PC work? Not for you.

The following story is true to my best recollection, and happened a couple of years ago.

I  shy away from working on personal computers for one major reason – people who are sue-happy. A PC is a machine, it breaks mechanically as well as by software. Had a woman who asked me to look at a PC, I did, and after I had her reboot, it would not come up. I left, after doing nothing to the PC other than plugging in a USB thumb drive (software tools I commonly use are on the thumb drive).

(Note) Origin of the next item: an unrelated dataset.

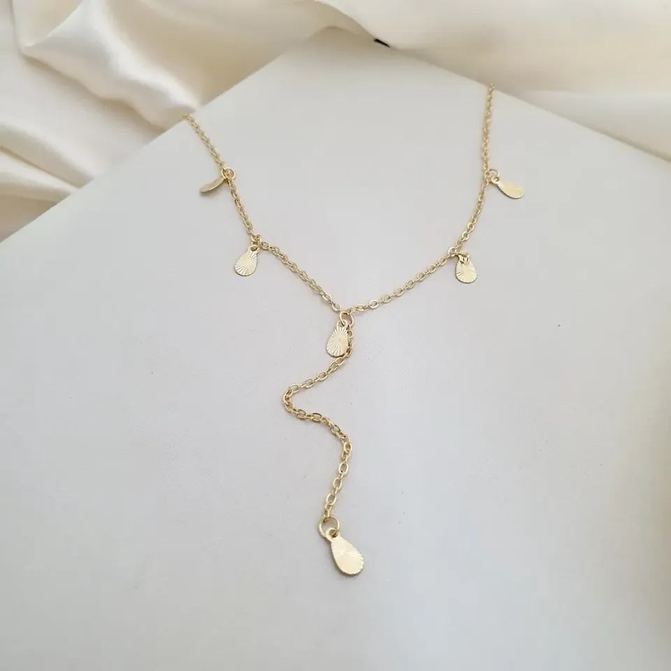 Colar gravatinha placas gotas diamantadas

She told me I had broken it and needed to pay to have it replaced after her ‘friend’ she gets weed from said it was non-repairable. We had a few missed phone calls back and forth, but I offered to pay 1/2 of the repair cost at a neutral shop to be nice. I should point out that she suggested I buy her a ~$1,500 laptop to replace the 5+ year old desktop her weed-buddy said I broke.

Then she contacted the MVPD who told her(according to her message) that I had likely downloaded personal information from her PC using my thumb drive (thanks for that, MVPD), and was a criminal planning to exploit that information. Finally she left me a message that said she had ‘better not find me out anywhere’ and that I should ‘come back by her house because her dogs have something for me’.

Long story short, I’m shying away from doing PC work for anyone other than immediate family. Until I am incorporated and have a much better liability policy, my family cannot afford the risk even though I love helping people.

I won’t mention her company for fear of being sued, but her family runs a local pest control company named ACME, beware.